▶ _What to produce_: An exact restatement is required. Cover only the lines of the records from the first through the line with "A quick rechargeable", and skip pictures.

Stored dataset items:
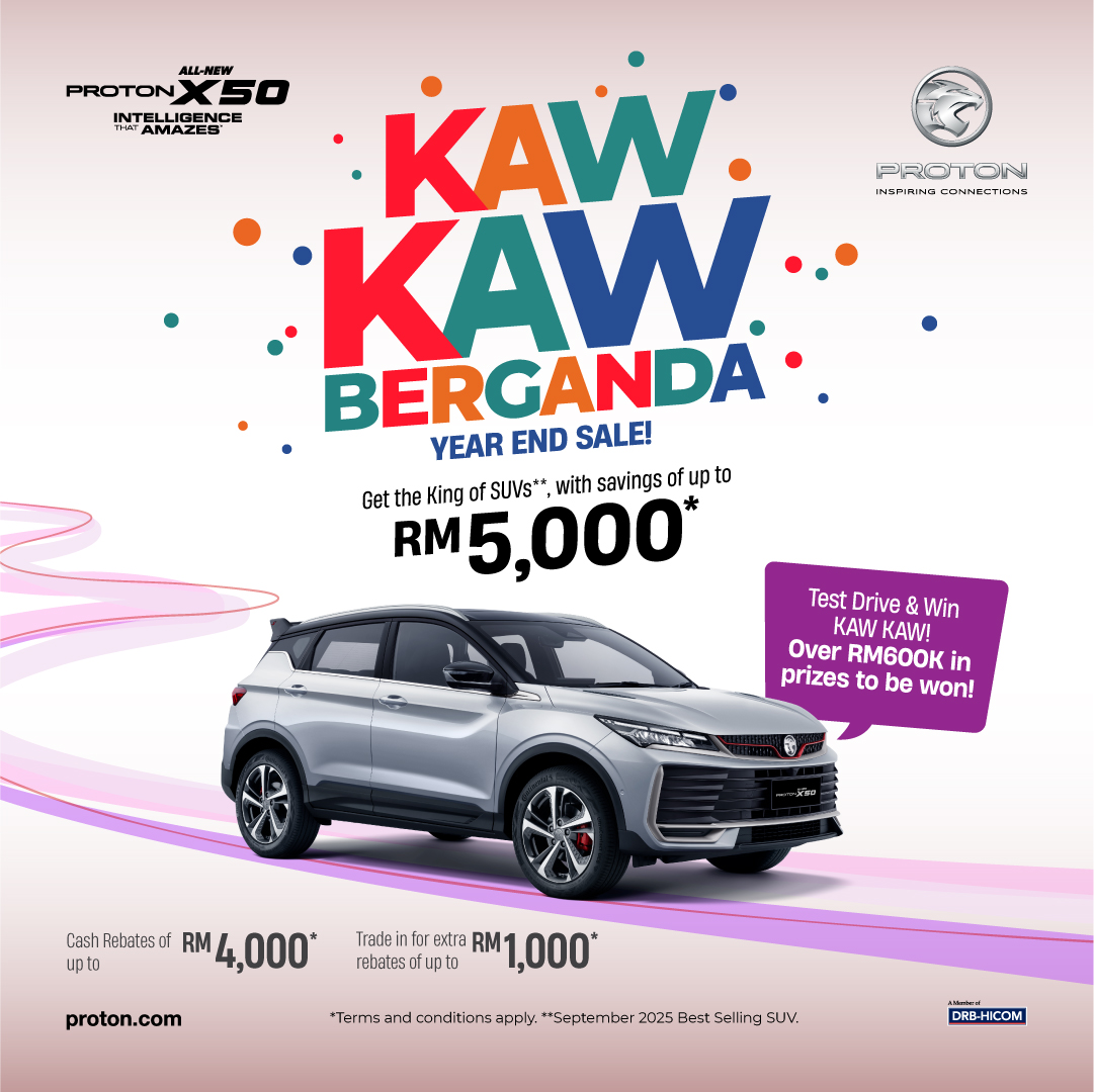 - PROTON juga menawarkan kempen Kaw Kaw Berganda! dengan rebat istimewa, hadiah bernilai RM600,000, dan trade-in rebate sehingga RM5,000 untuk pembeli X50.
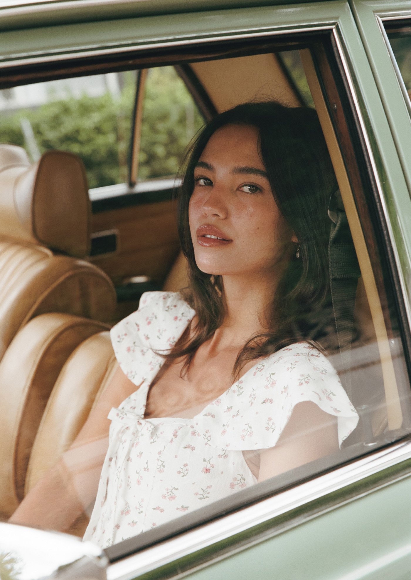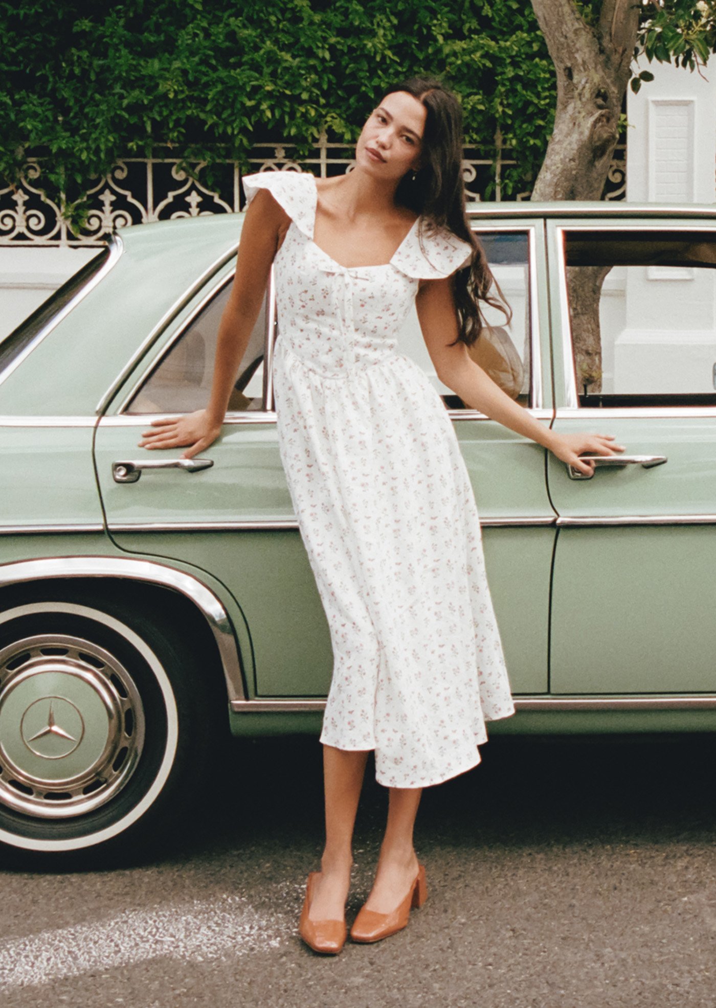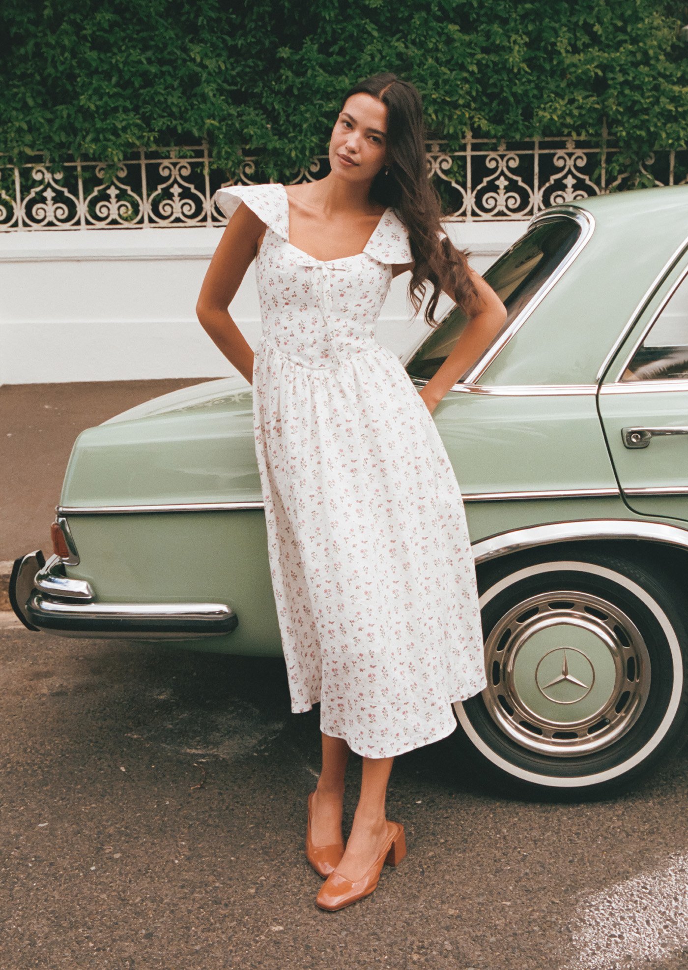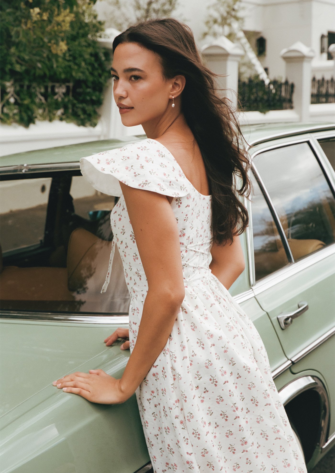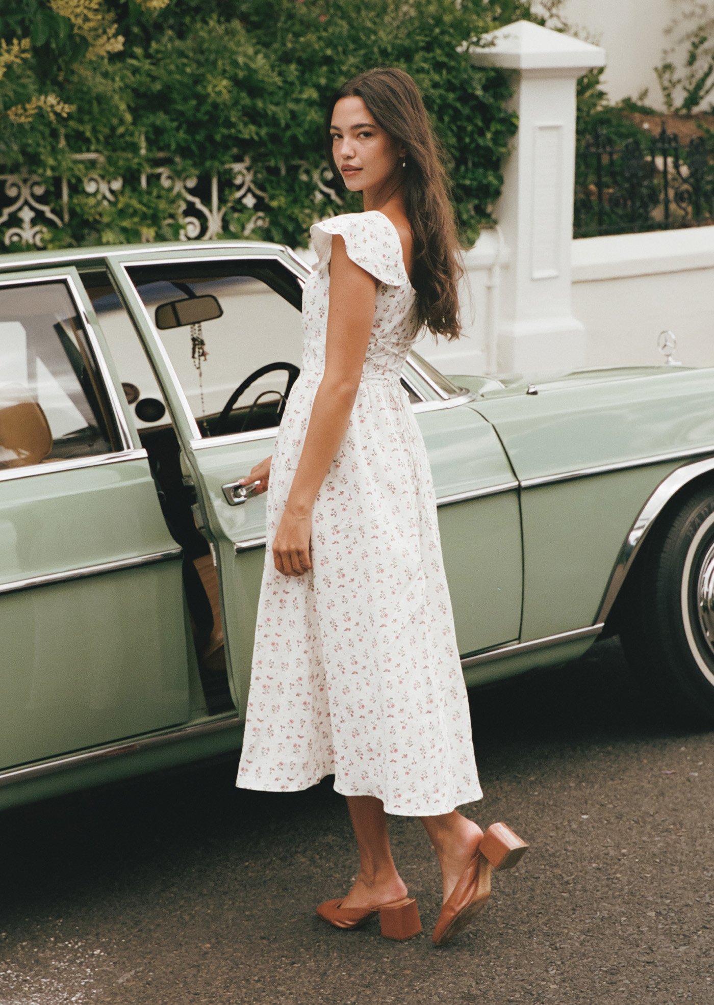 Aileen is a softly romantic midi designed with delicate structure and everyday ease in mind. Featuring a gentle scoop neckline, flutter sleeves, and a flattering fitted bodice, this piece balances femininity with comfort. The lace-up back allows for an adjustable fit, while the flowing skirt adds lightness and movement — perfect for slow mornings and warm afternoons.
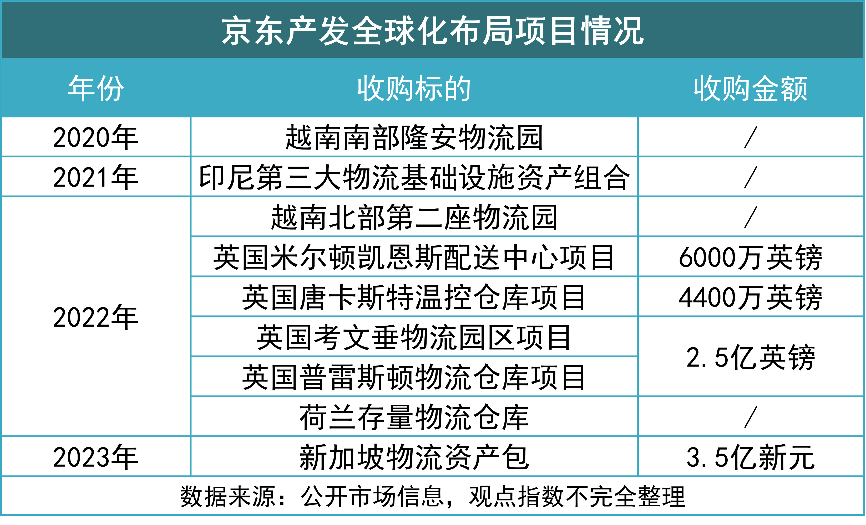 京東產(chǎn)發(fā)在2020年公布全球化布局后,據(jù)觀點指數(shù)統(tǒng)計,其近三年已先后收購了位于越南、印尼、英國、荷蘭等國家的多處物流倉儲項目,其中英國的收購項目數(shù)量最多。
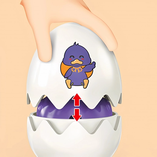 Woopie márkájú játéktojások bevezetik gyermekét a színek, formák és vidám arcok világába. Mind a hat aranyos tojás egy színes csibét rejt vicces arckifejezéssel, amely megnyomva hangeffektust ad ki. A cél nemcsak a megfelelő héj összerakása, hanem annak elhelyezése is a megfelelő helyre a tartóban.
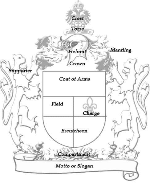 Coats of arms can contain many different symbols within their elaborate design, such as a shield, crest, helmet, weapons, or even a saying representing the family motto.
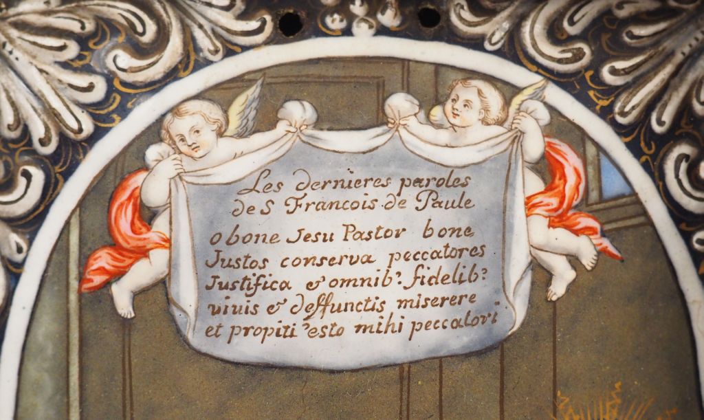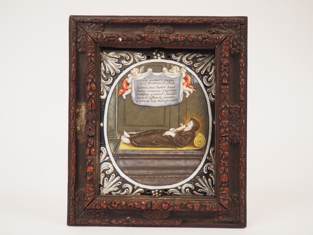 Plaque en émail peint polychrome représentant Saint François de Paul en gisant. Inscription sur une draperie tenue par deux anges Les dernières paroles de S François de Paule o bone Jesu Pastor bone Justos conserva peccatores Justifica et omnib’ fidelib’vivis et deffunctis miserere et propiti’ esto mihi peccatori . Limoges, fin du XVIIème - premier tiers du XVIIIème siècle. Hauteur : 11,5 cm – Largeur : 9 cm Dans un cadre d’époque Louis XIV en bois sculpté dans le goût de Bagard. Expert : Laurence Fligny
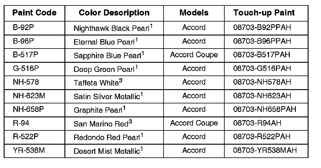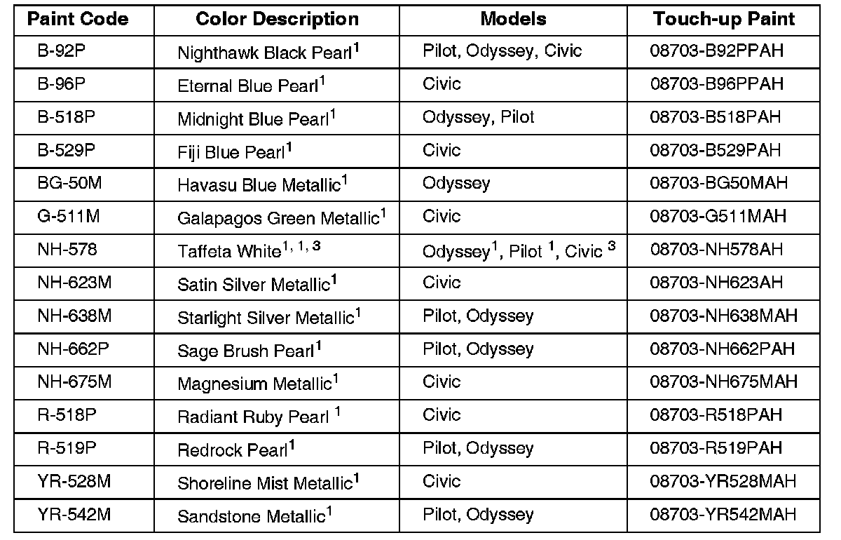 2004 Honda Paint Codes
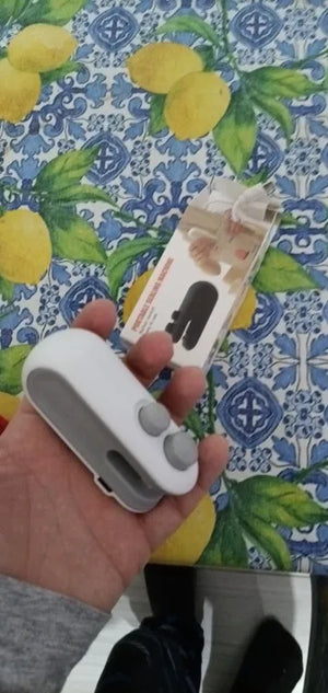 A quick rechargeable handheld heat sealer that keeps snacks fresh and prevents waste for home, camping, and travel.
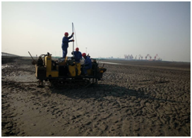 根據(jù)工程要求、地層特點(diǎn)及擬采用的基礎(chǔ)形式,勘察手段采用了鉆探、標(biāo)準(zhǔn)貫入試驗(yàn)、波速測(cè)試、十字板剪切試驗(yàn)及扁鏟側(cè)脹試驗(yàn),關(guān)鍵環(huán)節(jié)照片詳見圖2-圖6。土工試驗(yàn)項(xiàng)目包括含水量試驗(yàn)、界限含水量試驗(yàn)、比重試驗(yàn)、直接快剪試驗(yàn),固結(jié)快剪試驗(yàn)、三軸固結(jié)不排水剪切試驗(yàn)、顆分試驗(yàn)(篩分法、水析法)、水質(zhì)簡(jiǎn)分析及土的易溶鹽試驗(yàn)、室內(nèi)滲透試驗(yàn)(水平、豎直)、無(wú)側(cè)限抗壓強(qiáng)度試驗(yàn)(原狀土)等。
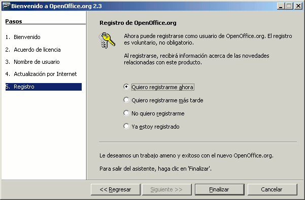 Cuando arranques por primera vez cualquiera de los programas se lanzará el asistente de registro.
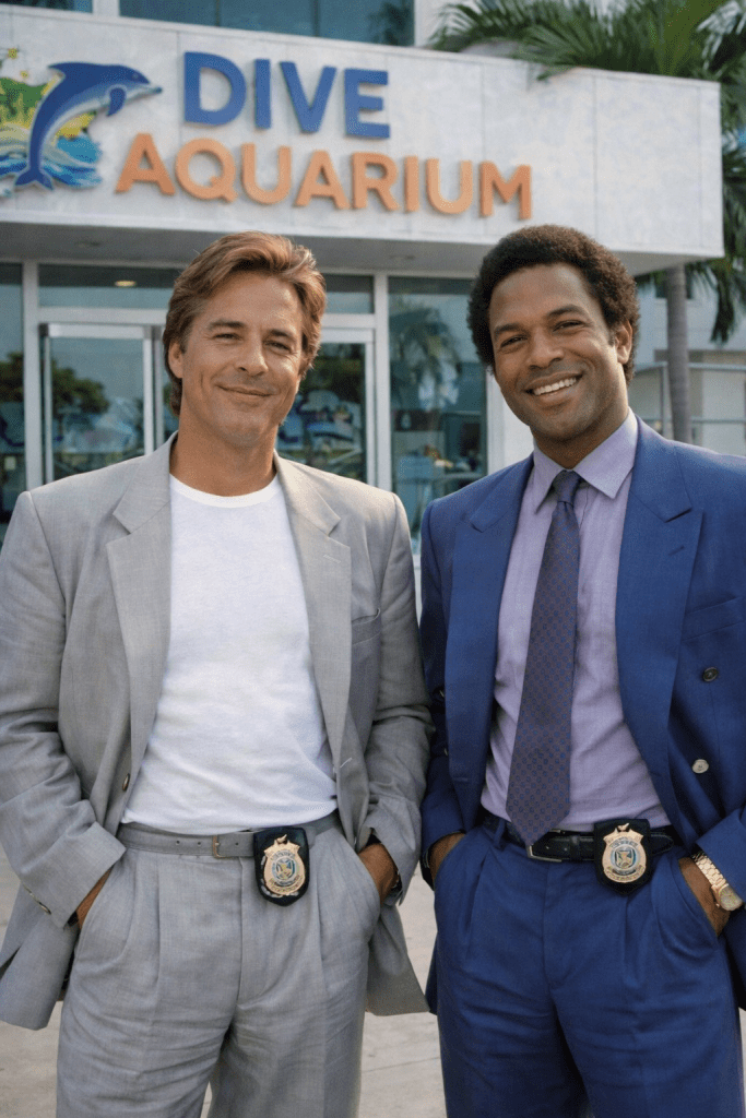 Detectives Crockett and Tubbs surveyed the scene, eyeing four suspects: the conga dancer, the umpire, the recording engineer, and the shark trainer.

▶ _Completed exercise_:
 - PROTON juga menawarkan kempen Kaw Kaw Berganda! dengan rebat istimewa, hadiah bernilai RM600,000, dan trade-in rebate sehingga RM5,000 untuk pembeli X50.
 Aileen is a softly romantic midi designed with delicate structure and everyday ease in mind. Featuring a gentle scoop neckline, flutter sleeves, and a flattering fitted bodice, this piece balances femininity with comfort. The lace-up back allows for an adjustable fit, while the flowing skirt adds lightness and movement — perfect for slow mornings and warm afternoons.
 京東產(chǎn)發(fā)在2020年公布全球化布局后,據(jù)觀點指數(shù)統(tǒng)計,其近三年已先后收購了位于越南、印尼、英國、荷蘭等國家的多處物流倉儲項目,其中英國的收購項目數(shù)量最多。
 Woopie márkájú játéktojások bevezetik gyermekét a színek, formák és vidám arcok világába. Mind a hat aranyos tojás egy színes csibét rejt vicces arckifejezéssel, amely megnyomva hangeffektust ad ki. A cél nemcsak a megfelelő héj összerakása, hanem annak elhelyezése is a megfelelő helyre a tartóban.
 Coats of arms can contain many different symbols within their elaborate design, such as a shield, crest, helmet, weapons, or even a saying representing the family motto.
 Plaque en émail peint polychrome représentant Saint François de Paul en gisant. Inscription sur une draperie tenue par deux anges Les dernières paroles de S François de Paule o bone Jesu Pastor bone Justos conserva peccatores Justifica et omnib’ fidelib’vivis et deffunctis miserere et propiti’ esto mihi peccatori . Limoges, fin du XVIIème - premier tiers du XVIIIème siècle. Hauteur : 11,5 cm – Largeur : 9 cm Dans un cadre d’époque Louis XIV en bois sculpté dans le goût de Bagard. Expert : Laurence Fligny
 2004 Honda Paint Codes
 A quick rechargeable handheld heat sealer that keeps snacks fresh and prevents waste for home, camping, and travel.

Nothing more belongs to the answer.